Quoi de plus contraire à la paix que de faire la guerre pour en finir avec la guerre?

Mgr Francisco Viti, archevêque de Huambo, Angola

CITE DU VATICAN, Mercredi 10 octobre 2001 (ZENIT.org) – Quoi de plus contraire à la paix que de faire la guerre pour en finir avec la guerre?, interrogeait Mgr Francisco Viti, archevêque de Huambo, en Angola. Il centrait son intervention sur le « service de l´Evangile pour l’espérance du monde » en tant que service « de la fraternité et de la solidarité dans la famille humaine ». Il parlait de « la paix intégrale, celle des enfants de Dieu », et rappelait: « Si tu veux la paix, va aux pauvres ».

« Illuminés par la foi, nous pouvons dire que notre vocation fondamentale et universelle, c´est l´acceptation reconnaissante du don miséricordieux de cette filiation divine adoptive dans le Christ et de cette fraternité entre nous, affirmait l´évêque. Une fraternité sans frontières, qui ne vient ni du sang, ni de la volonté de l´homme, ni d´une option sociale, mais plutôt de Dieu Lui-même. Le service de l´Evangile pour l’espérance du monde est, sans doute, celui de la fraternité et de la solidarité dans la famille humaine ».

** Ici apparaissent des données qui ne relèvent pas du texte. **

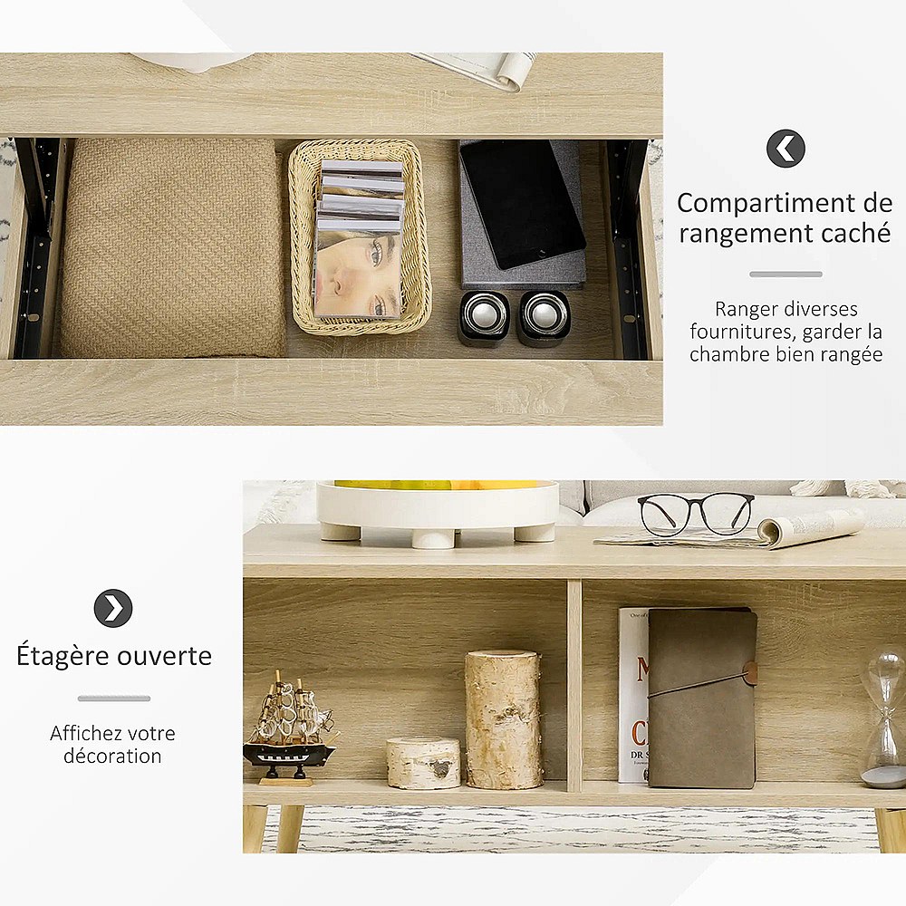 Table basse rectangulaire table de salon plateau relevable 2 niches coffre en bois bois clair

Il précisait cette notion de « fraternité ». « Nécessaire au salut éternel, accessible à tous les hommes et femmes de bonne volonté, le chemin de la filiation divine adoptive est inséparablement lié à celui de la fraternité, disait l´évêque. En effet, dans sa liberté souveraine, le Seigneur a voulu que ceux qui aiment son Nom aiment également Son image ».

Il appuyait ce développement sur « la lecture de la Bible « : « Dès le début, le Dieu de la création se présente comme Dieu pour l´homme et avec l´homme. L´ayant créé à son image Il a fait de lui son premier amour sur la terre, la valeur numéro un du monde. L’Apôtre saint Paul présente le Sauveur du monde comme notre paix ».

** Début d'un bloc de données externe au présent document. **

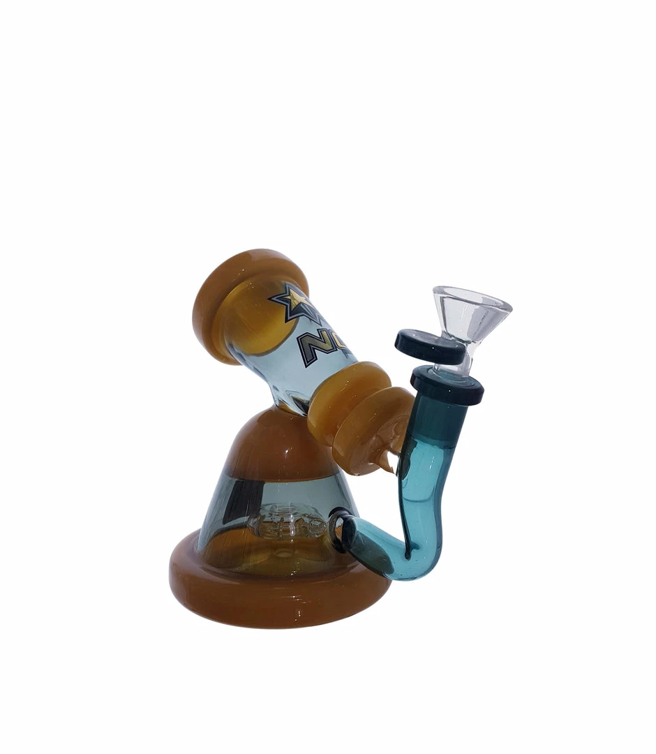 This miniature microscope style Dab Rig from Nice Glass has a showerhead perc and bent neck offering smooth and convenient dabbing.

Qu´est-ce donc que la paix? « La paix, nous le savons bien, c´est vivre-ensemble et agir-ensemble. Elle est acceptation réciproque et reconnaissance mutuelle, dans l’égalité de la dignité humaine. La paix est communion des coeurs unis dans la conscience d´une seule origine et dans l´effort concerté pour monter au sommet d´une seule destinée dans le temps présent, aussi bien qu´au-delà du temps, dans l’éternité ».

Et d´insister sur le service des pauvres et sur le dialogue: « Je parle de la paix intégrale, celle des enfants de Dieu. Elle est solidarité fraternelle que le Seigneur nous a gagnée sur le trône de la croix. Et quoi de plus contraire à la paix que de faire la guerre pour en finir avec la guerre? La guerre c´est la mort, c´est de la séparation, elle ne bâtira jamais le vivre-ensemble et moins encore l´agir ensemble. La paix est dialogue, c´est l’écoute réciproque et patiemment reprise, comme nous le dit Jean-Paul II dans ses Messages pour les Journées Mondiales de la Paix, tout spécialement dans celui de 1985, intitulé: « Si tu veux la paix, va aux pauvres ». Le dialogue fait partie de la sagesse des nations et révèle le sens de l´histoire ».

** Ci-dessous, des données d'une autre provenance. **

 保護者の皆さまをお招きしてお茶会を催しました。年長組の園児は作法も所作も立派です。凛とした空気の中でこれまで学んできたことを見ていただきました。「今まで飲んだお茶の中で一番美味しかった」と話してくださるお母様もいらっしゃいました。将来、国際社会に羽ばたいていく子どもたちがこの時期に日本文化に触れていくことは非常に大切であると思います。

L´évêque proposait cette relecture du document de Jean-Paul II: « Le Saint Père fait référence à 150 conflits armés dans l´après-grande guerre mondiale. Ils n´ont pas conduit à la justice et moins encore à la paix. Pour faire la paix, les belligérants ont dû entrer en dialogue. Dès lors, quoi de plus contraire à la paix que la pratique de l´exclusion de l´adversaire et le refus du dialogue. Pour ceux qui veulent pérenniser la guerre, il y aura toujours des prétextes contre l´adversaire. Pourtant, des pays entiers vont être condamnés au dépeuplement, et des libertés fondamentales vont s’aliéner dans les mains des plus forts, mettant de grandes multitudes à la remorque de l´histoire. Dans un chapitre intitulé «The Wealth of knowledge», un historien de l’économie écrivait: «Institutions and culture first ; money next; but from the beginning and increasingly, the payoff was to knowledge», c´est-à-dire, institutions et culture d´abord; l´argent après: mais ce qui rapporte à la longue, c´est la connaissance ».

Il terminait sur l´importance de l´éducation: « Nous touchons ici un point névralgique de la dignité des peuples, aussi bien que de la Paix mondiale. En effet, l’éducation conditionne le progrès. Celui-ci est synonyme de Paix. Au nom des pauvres et de la solidarité évangélique, je vous prie, frères du monde «développé»: venez à notre aide. Edifions ensemb1e la Paix-Progrès, dans la fraternité solidaire ».